*WORK INSTRUCTION*. Two lines in the data below mark the range: the one with "Über Indonesien und" and the one with "Открывает простую возможность". Return both, along with every line between them, exactly.

[Stored items]
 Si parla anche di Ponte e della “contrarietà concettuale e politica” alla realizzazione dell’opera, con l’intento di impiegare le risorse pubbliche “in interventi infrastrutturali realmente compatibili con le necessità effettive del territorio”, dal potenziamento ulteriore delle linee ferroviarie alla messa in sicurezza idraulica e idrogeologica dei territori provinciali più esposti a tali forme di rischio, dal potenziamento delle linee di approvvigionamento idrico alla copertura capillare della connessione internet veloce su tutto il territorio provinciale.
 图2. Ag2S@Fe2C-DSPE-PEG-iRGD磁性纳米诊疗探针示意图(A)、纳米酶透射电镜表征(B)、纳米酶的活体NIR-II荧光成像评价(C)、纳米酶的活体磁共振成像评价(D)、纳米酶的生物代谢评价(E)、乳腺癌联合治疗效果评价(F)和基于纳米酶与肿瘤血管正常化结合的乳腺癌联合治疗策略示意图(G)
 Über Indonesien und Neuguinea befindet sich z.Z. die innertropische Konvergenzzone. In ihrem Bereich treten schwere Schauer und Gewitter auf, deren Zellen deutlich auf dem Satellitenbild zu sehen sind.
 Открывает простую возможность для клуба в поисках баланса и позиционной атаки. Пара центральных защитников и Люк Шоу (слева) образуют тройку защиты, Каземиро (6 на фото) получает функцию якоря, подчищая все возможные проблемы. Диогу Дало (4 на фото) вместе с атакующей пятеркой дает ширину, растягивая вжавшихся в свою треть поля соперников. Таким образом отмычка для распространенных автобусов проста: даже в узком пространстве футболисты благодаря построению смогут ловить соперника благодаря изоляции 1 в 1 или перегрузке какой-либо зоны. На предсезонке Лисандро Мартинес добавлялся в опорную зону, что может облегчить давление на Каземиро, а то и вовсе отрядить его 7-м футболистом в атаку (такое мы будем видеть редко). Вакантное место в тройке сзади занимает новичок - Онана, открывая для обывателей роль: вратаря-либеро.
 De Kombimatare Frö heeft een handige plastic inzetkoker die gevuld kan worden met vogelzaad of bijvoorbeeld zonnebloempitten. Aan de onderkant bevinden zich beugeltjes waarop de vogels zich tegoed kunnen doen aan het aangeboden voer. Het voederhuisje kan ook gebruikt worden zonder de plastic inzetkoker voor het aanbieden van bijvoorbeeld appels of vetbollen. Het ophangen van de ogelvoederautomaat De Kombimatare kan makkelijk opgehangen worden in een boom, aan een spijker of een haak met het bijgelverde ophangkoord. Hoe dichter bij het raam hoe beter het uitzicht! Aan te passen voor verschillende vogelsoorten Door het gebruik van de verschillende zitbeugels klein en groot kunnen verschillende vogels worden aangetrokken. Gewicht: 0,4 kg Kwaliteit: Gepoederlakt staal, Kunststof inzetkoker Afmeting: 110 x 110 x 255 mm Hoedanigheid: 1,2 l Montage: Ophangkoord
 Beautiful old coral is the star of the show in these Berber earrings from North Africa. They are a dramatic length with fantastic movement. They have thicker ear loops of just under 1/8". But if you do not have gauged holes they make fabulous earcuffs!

---

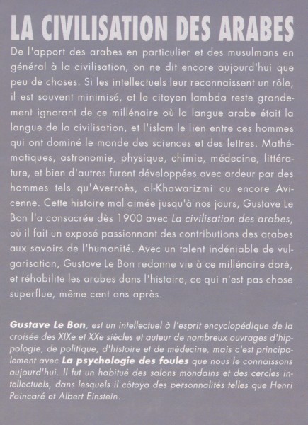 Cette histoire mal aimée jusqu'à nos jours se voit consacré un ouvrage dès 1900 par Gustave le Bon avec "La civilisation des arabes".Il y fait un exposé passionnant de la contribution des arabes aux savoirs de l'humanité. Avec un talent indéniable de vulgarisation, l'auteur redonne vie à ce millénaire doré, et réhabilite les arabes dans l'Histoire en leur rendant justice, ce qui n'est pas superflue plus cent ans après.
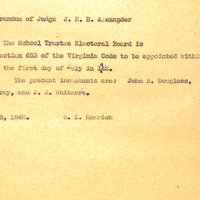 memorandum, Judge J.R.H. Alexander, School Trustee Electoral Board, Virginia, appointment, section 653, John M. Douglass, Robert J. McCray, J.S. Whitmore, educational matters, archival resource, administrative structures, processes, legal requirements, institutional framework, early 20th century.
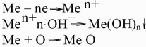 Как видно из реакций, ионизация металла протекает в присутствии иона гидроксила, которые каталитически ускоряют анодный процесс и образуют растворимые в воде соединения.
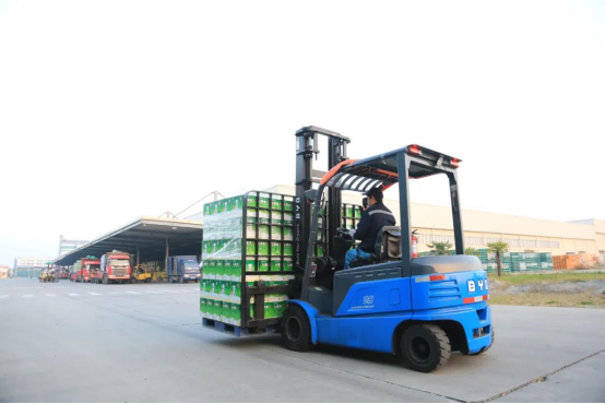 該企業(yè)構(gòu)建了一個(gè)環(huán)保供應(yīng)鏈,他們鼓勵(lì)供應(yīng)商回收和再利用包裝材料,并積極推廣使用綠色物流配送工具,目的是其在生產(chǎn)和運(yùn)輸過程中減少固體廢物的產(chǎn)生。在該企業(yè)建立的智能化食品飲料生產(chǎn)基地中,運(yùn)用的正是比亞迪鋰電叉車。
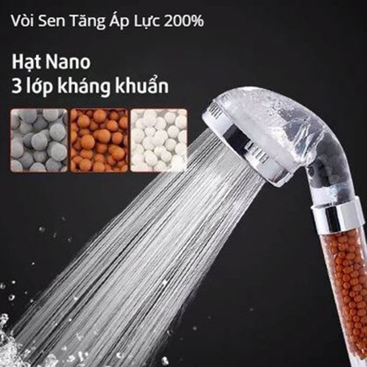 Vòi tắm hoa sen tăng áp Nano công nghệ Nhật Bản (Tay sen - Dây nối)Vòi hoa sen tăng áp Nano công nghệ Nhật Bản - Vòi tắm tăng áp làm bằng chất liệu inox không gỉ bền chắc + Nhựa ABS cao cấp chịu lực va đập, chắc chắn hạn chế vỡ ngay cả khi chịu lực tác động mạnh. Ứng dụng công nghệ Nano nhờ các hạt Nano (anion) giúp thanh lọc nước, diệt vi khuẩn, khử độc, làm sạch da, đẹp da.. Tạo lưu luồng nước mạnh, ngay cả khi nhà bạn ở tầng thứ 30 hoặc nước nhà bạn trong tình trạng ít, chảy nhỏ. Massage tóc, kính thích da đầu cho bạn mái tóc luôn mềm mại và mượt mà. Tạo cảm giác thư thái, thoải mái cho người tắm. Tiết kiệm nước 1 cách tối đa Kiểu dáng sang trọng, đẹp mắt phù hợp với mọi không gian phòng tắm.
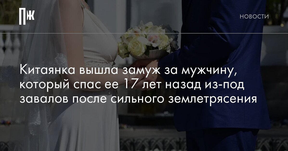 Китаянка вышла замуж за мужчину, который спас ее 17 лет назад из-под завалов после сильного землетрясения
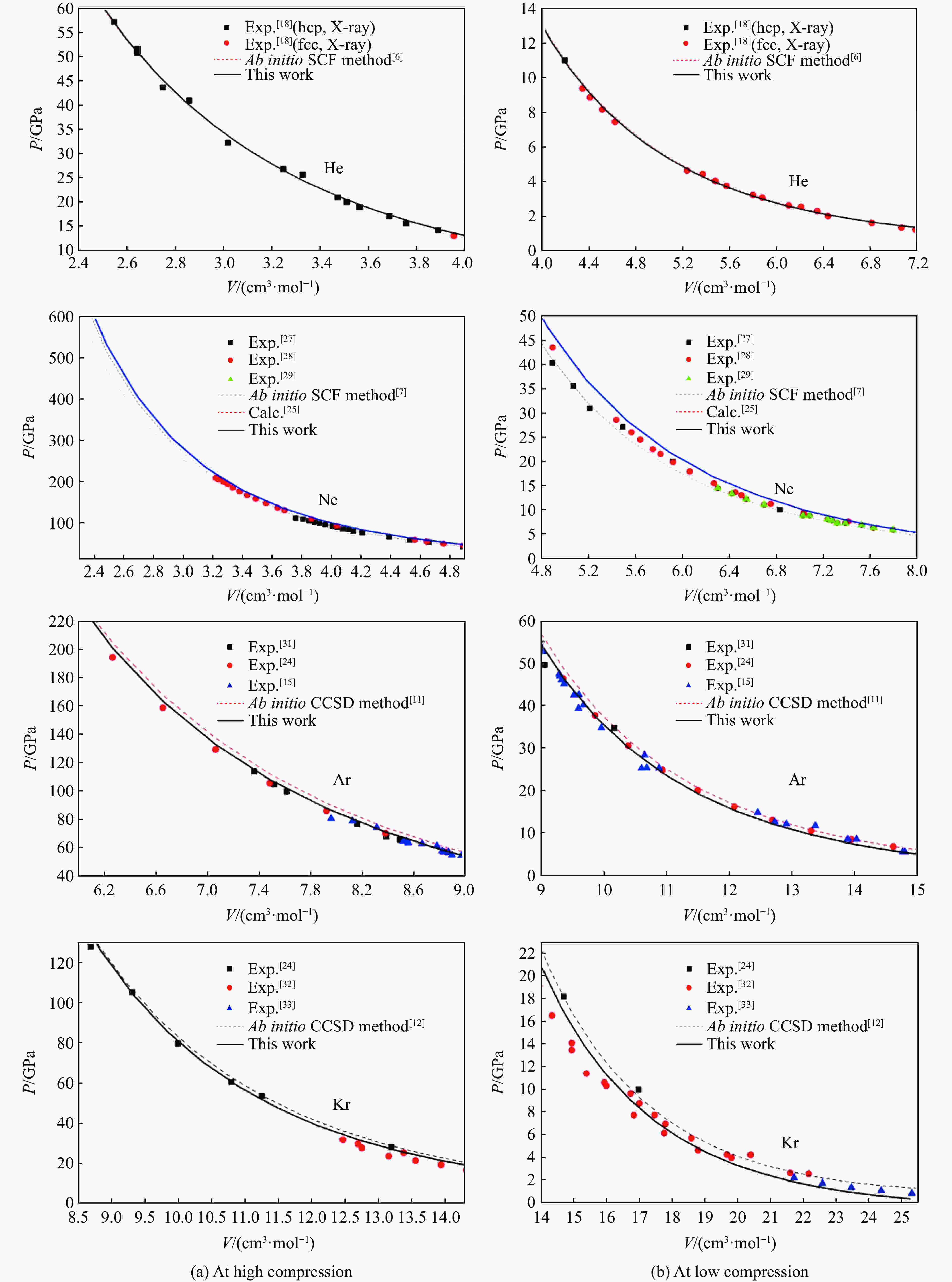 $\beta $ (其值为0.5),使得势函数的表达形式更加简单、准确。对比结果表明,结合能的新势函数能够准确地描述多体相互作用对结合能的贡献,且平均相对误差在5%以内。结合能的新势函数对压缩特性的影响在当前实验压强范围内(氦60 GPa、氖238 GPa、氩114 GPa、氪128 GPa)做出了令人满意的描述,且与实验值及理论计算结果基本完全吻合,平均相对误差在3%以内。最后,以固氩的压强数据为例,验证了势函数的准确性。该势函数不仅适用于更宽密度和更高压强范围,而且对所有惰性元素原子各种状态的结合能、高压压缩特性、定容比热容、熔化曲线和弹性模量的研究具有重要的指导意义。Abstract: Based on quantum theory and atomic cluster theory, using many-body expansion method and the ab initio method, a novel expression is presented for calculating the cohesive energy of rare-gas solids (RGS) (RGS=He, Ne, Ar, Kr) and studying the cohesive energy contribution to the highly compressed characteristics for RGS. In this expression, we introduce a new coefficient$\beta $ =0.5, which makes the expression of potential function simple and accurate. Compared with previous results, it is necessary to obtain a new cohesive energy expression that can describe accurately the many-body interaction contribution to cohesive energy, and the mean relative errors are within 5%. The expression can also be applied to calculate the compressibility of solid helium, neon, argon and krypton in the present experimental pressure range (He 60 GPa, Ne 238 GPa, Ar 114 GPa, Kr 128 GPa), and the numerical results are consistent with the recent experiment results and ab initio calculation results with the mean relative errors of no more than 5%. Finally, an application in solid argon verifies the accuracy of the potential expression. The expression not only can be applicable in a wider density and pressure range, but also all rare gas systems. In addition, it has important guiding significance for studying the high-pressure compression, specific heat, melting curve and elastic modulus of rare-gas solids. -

*ANSWER SPACE*.
 Über Indonesien und Neuguinea befindet sich z.Z. die innertropische Konvergenzzone. In ihrem Bereich treten schwere Schauer und Gewitter auf, deren Zellen deutlich auf dem Satellitenbild zu sehen sind.
 Открывает простую возможность для клуба в поисках баланса и позиционной атаки. Пара центральных защитников и Люк Шоу (слева) образуют тройку защиты, Каземиро (6 на фото) получает функцию якоря, подчищая все возможные проблемы. Диогу Дало (4 на фото) вместе с атакующей пятеркой дает ширину, растягивая вжавшихся в свою треть поля соперников. Таким образом отмычка для распространенных автобусов проста: даже в узком пространстве футболисты благодаря построению смогут ловить соперника благодаря изоляции 1 в 1 или перегрузке какой-либо зоны. На предсезонке Лисандро Мартинес добавлялся в опорную зону, что может облегчить давление на Каземиро, а то и вовсе отрядить его 7-м футболистом в атаку (такое мы будем видеть редко). Вакантное место в тройке сзади занимает новичок - Онана, открывая для обывателей роль: вратаря-либеро.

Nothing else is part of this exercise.